The truth is, Romney was better than the GOP deserved. Party nitwits undermined him, and the self-righteous tried to bring him down. The nitwits are well-enough known at this point — those farthest-right social conservatives who couldn’t find it in their hearts to keep their traps shut. No abortion for rape or incest? Sit down. Legitimate rape? Put on your clown suit and go play in the street.

Equally damaging were the primary leeches who embarrassed the party and wouldn’t leave the stage. Nine-nine-nine, we’re talking about you, Herman Cain. And Gov. Oops? You, too. And then there were Rick Santorum and Michele Bachmann  .  .  .  .  Did they have a right to persist in their own fantasies? Sure. But not if they were serious about getting a Republican in the White House.

More to the point, the GOP seems willfully clueless. There’s a reason there are so few minorities in the party. There’s a reason women scrambled to the other side. There’s a reason Hispanics, including even Cuban Americans this time, went for Obama. 

The way forward is about love, not war, baby. Women’s reproductive rights need to come off the table. As Haley Barbour suggested long ago, agree to disagree. Compassionate immigration reform, including a path to citizenship, should be the centerpiece of a conservative party’s agenda.

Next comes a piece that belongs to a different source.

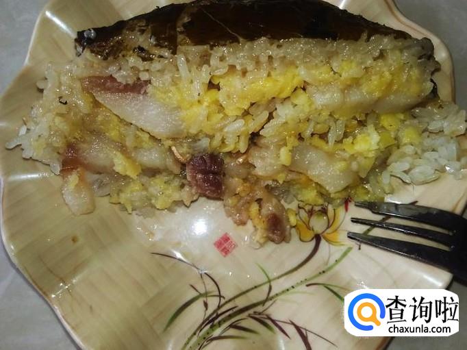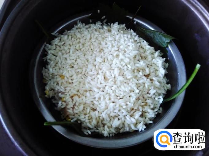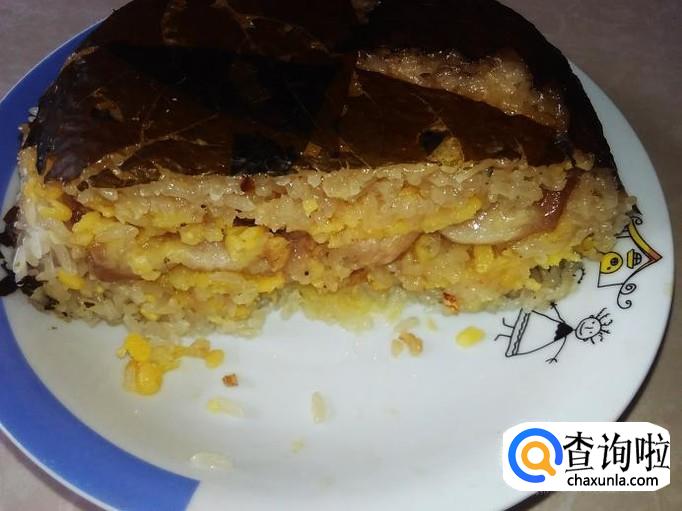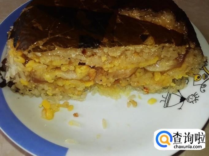 铺猪肉,再铺绿豆最后铺糯米就完成了。

Marginalize or banish those who in any way make African Americans, gays, single women or any other human being feel unwelcome in a party that cherishes the values of limited government, low taxes and freedom. A large swath of conservative-minded Americans are Democrats and independents by default.

Mitt Romney would have been a fine president and might have won the day but for the party he had to please.

I disagree with Parker on Romney.  As I have made clear in numerous post the guy was a flawed candidate at best.  However, she is point on in terms of the sickness that plagues toe GOP.  It is too bad that she did not remain consistent in her criticisms -  especially early on in the campaign.  Or better yet, during the GOP primaries.  One thing is clear:  until rational conservatives get over their "romnesia" about their own behavior/statements, the GOP most certainly will not begin to reform itself.